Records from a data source
======
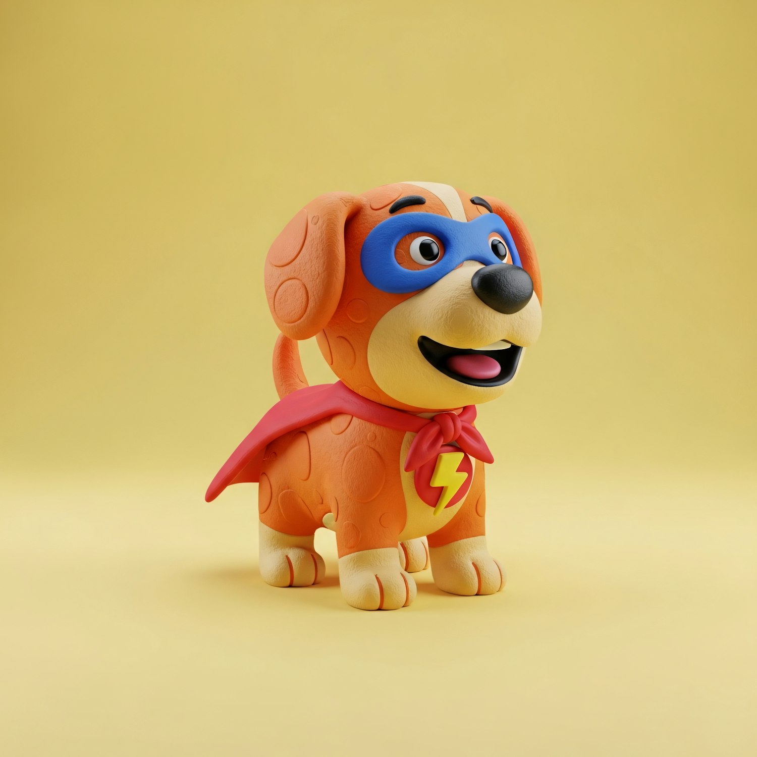 A cheerful 3D cartoon dog in a superhero outfit with a blue mask, red cape, and lightning emblem, set against a bright yellow background.
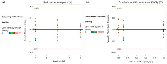 As depicted in the colored dot plot (Figure 5), when studying the statistically significant factors separately, it can be deduced that the samples exhibiting a moderate swelling ratio (marked as green points) are those that had lower levels of their alginate ratio (Figure 5a) or those which were treated with a higher-level concentration of CaCl2. Moreover, both diagrams are indicators of a uniform variability and even distribution.
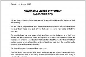 紐卡官方:從未承諾伊薩克可在今夏離隊(duì),明確表示轉(zhuǎn)會(huì)條件未達(dá)成
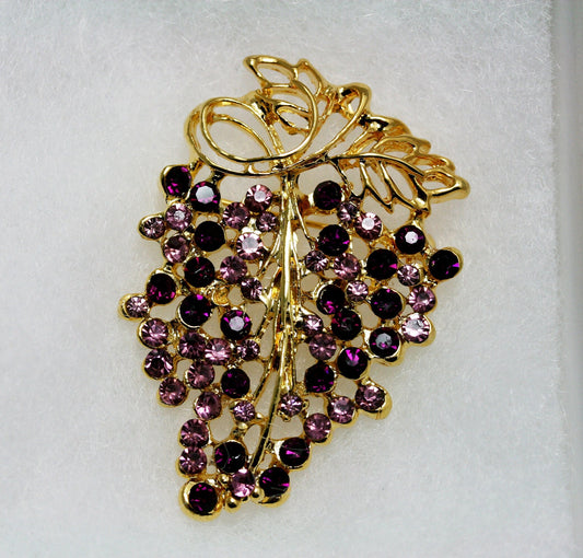 Vintage Grapes on Vine Brooch Pin Gold Tone Purple Rhinestone Grapes Statement Brooch
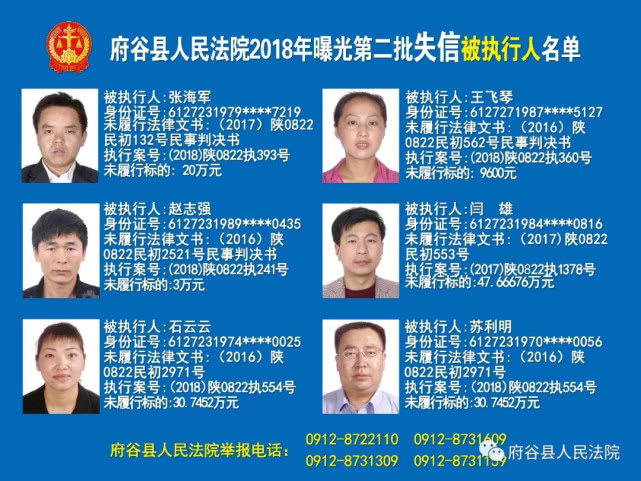為督促被執(zhí)行人自覺履行生效法律文書所確定的義務(wù),切實(shí)保障債權(quán)人的合法權(quán)益,現(xiàn)將府谷縣人民法院執(zhí)行案件的部分失信被執(zhí)行人名單予以曝光。在此,本院鄭重告誡有履行能力的被執(zhí)行人,放棄僥幸心理,主動(dòng)履行義務(wù)。對(duì)于有償還能力拒不償還,對(duì)抗、逃避執(zhí)行,轉(zhuǎn)移、隱匿財(cái)產(chǎn)的被執(zhí)行人,本院將采取嚴(yán)厲的執(zhí)行和制裁措施。
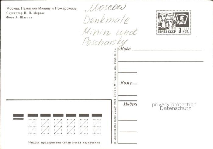 Moscow Moskva Minin Poscharsky Denkmal postalisch nicht gelaufen Ganzsache (eingedruckte Briefmarke) Erhaltung siehe scans
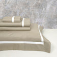 La collezione Corsica esalta la manifattura del percalle di cotone con tinte unite in tonalità moderne e delicate, che risaltano nel contrasto con il sottile bordino della balza.
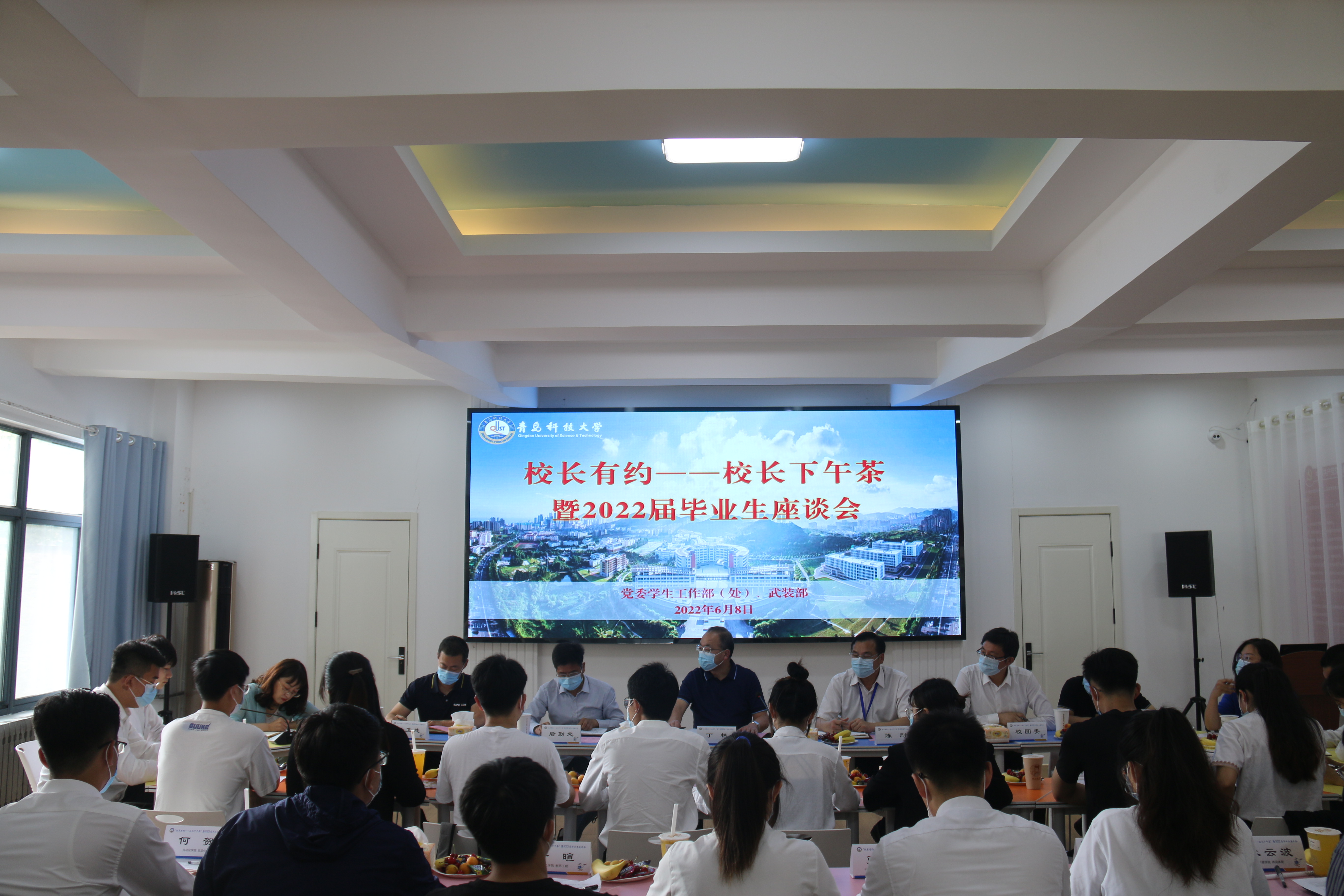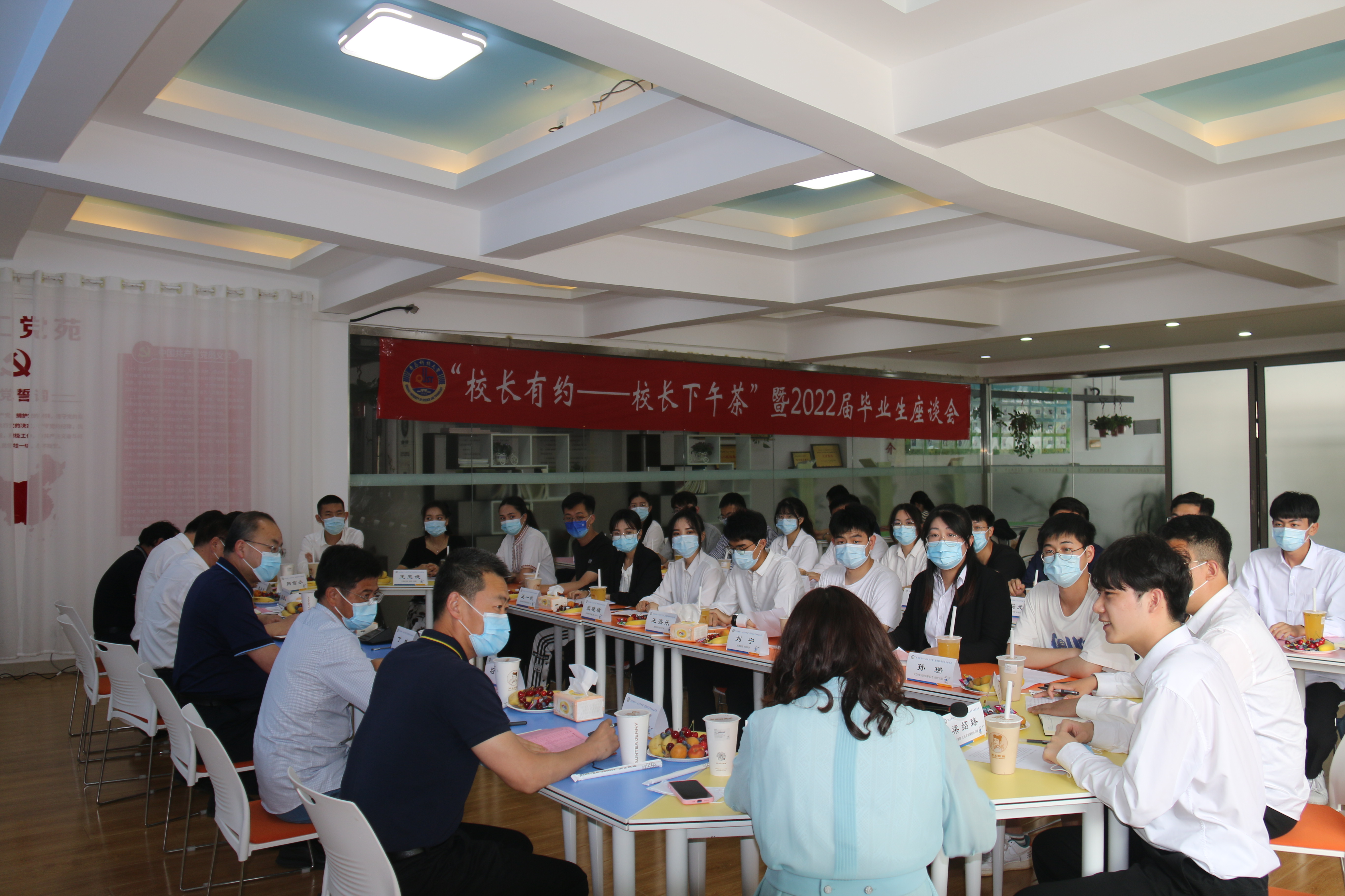 6月8日下午,天游ty8检测中心“校长有约——校长下午茶”暨2022届毕业生座谈会在崂山校区心理中心举行。党委常委、副校长丁林,党委常委、宣传部部长陈刚出席会议并讲话,座谈会由学生工作处副处长王丽主持。
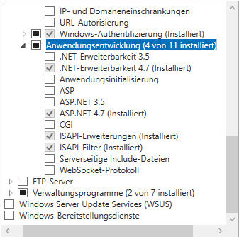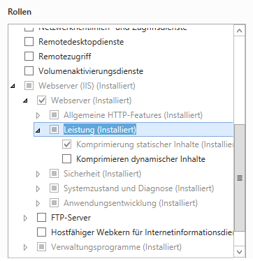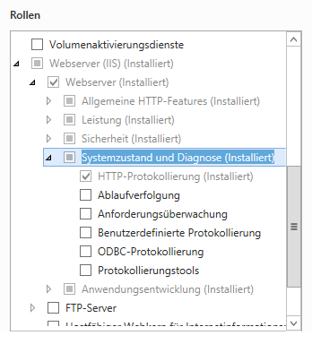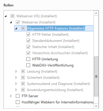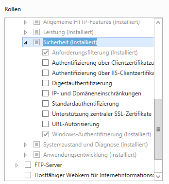 Wählen Sie im Abschnitt Serverrollen die folgenden Rollen aus:
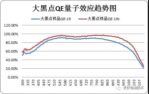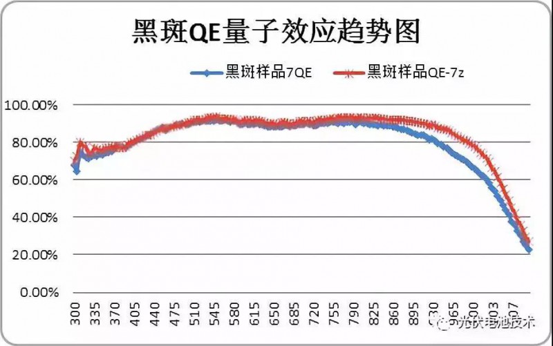 如圖1-3,正常單晶電池片和黑斑電池片的量子效應隨波長的變化趨勢大致相同,說明與硅片的質量關系較小。
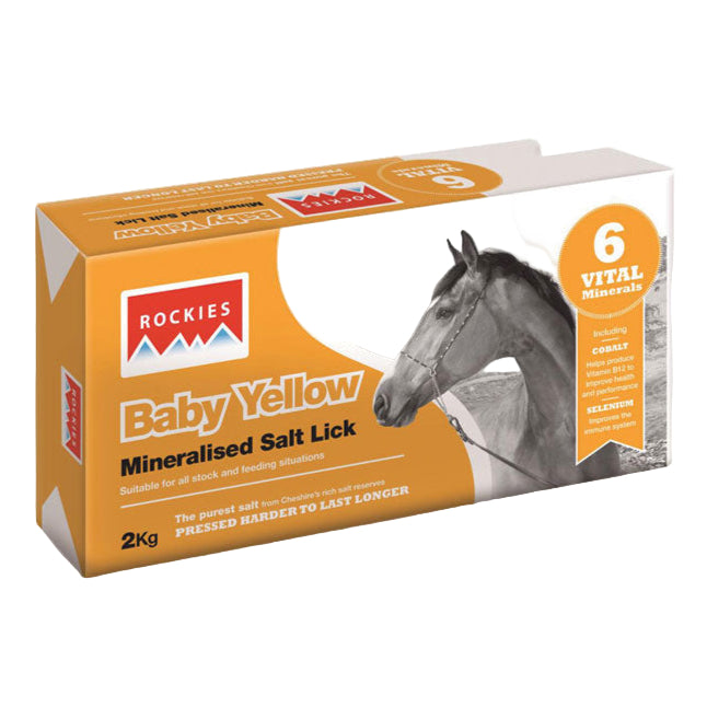 Baby Yellow Rockies are mineralised salt licks with six vital minerals including supplementary cobalt to help produce Vitamin B12, vital to health and performance; and selenium for immune system maintenance.
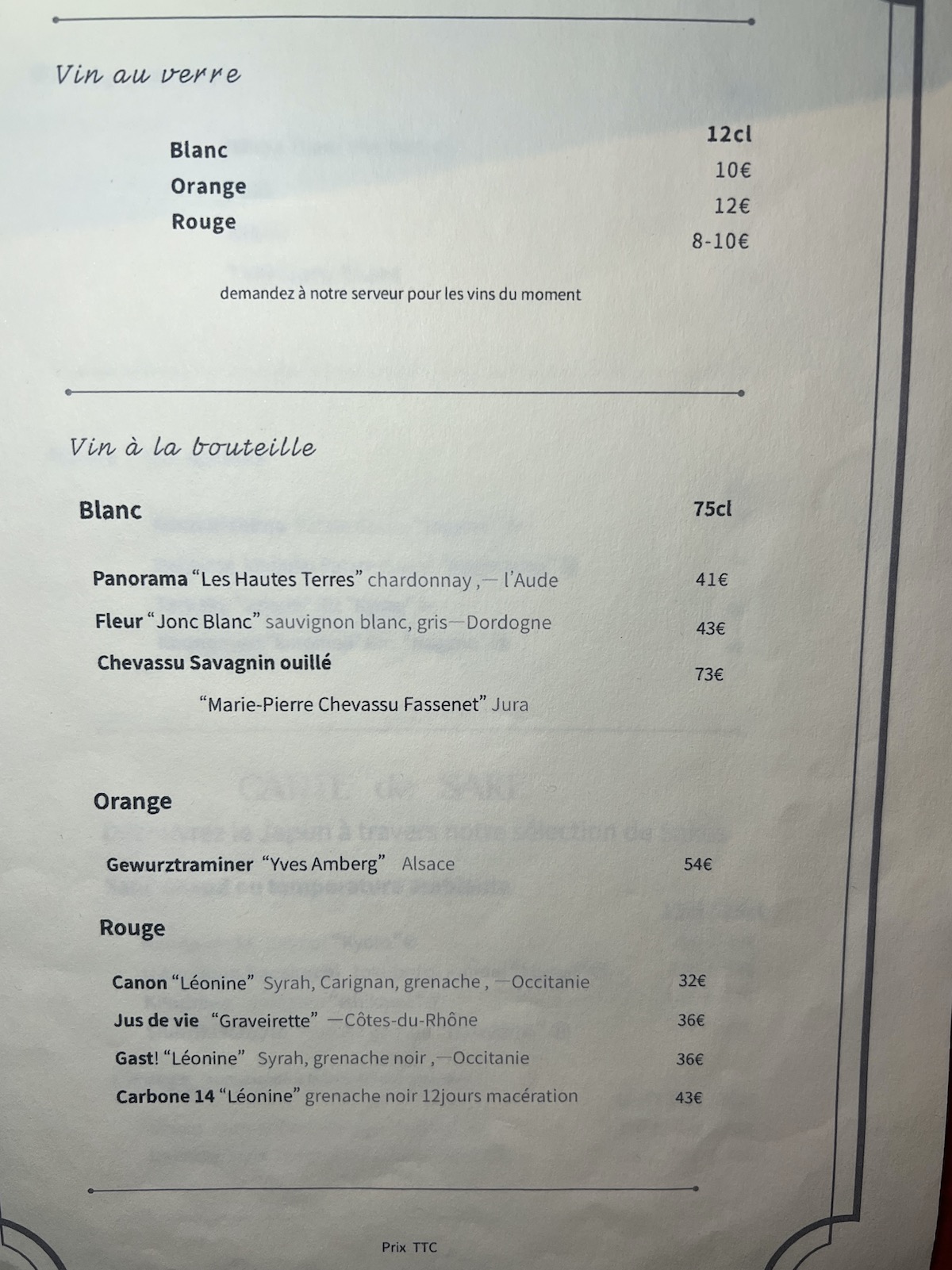 En revanche je trouve les vins au verre trop chers, 10€ le verre de blanc, 12€ de orange, on n’est pas du tout dans le même esprit que pour la bière. Qu’il y ait des verres à ce prix-là aucun soucis, mais il faudrait une entrée de gamme à 8, ce serait top. Pareil une bouteille dans les 35 en premier prix serait bienvenue. Je comprends qu’ils ne puissent pas tout maîtriser mais on aurait tellement envie d’une courte carte de vins nature ou apparentés, bien sentie, qui donne envie de se lâcher.
======
Only the lines from the one with "如圖1-3,正常單晶電池片和" through the last line above belong in the answer. Reproduce them exactly, without the pictures.

 如圖1-3,正常單晶電池片和黑斑電池片的量子效應隨波長的變化趨勢大致相同,說明與硅片的質量關系較小。
 Baby Yellow Rockies are mineralised salt licks with six vital minerals including supplementary cobalt to help produce Vitamin B12, vital to health and performance; and selenium for immune system maintenance.
 En revanche je trouve les vins au verre trop chers, 10€ le verre de blanc, 12€ de orange, on n’est pas du tout dans le même esprit que pour la bière. Qu’il y ait des verres à ce prix-là aucun soucis, mais il faudrait une entrée de gamme à 8, ce serait top. Pareil une bouteille dans les 35 en premier prix serait bienvenue. Je comprends qu’ils ne puissent pas tout maîtriser mais on aurait tellement envie d’une courte carte de vins nature ou apparentés, bien sentie, qui donne envie de se lâcher.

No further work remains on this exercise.